DATA EXTRACT —

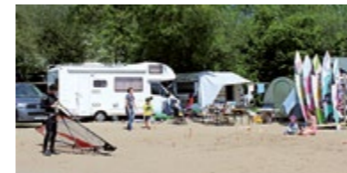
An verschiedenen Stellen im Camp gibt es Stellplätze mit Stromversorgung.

--

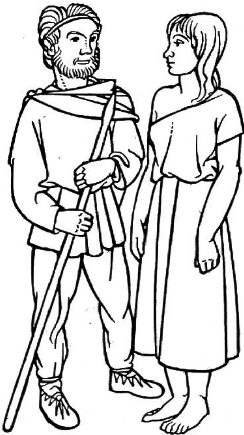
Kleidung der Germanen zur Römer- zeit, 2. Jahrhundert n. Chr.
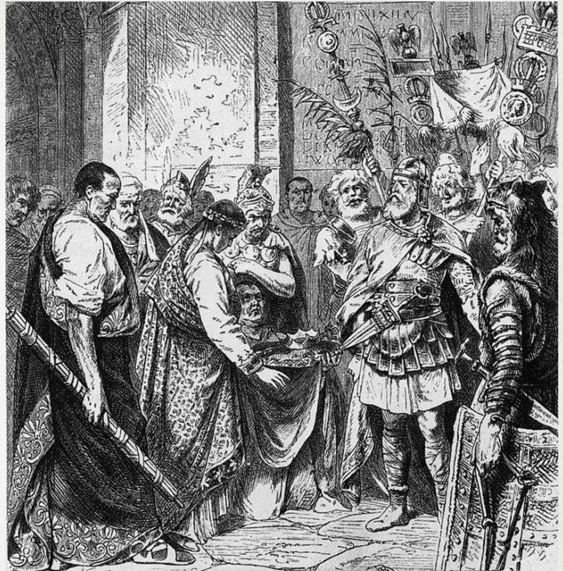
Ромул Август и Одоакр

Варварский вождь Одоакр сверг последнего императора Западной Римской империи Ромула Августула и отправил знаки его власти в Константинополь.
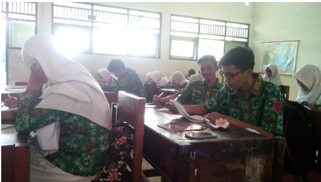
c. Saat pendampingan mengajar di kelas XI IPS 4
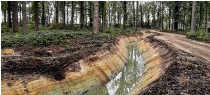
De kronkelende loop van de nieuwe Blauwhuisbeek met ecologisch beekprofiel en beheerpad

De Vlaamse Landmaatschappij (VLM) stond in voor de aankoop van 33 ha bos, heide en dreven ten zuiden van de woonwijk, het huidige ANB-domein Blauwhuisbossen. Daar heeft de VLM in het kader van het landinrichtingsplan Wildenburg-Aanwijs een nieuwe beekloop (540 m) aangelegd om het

...

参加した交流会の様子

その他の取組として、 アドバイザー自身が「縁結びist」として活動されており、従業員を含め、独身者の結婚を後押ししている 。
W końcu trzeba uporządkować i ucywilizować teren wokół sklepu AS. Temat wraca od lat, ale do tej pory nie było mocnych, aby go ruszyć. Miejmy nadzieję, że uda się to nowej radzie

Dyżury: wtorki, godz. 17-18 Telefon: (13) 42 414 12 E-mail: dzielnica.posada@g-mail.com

WORK ORDER — Beginning with the line above that contains "Варварский вождь Одоакр" and ending with the line that contains "De Vlaamse Landmaatschappij", quote each line exactly, keeping out the pictures.

ANSWER TO THIS PROBLEM —
Варварский вождь Одоакр сверг последнего императора Западной Римской империи Ромула Августула и отправил знаки его власти в Константинополь.
c. Saat pendampingan mengajar di kelas XI IPS 4
De kronkelende loop van de nieuwe Blauwhuisbeek met ecologisch beekprofiel en beheerpad

De Vlaamse Landmaatschappij (VLM) stond in voor de aankoop van 33 ha bos, heide en dreven ten zuiden van de woonwijk, het huidige ANB-domein Blauwhuisbossen. Daar heeft de VLM in het kader van het landinrichtingsplan Wildenburg-Aanwijs een nieuwe beekloop (540 m) aangelegd om het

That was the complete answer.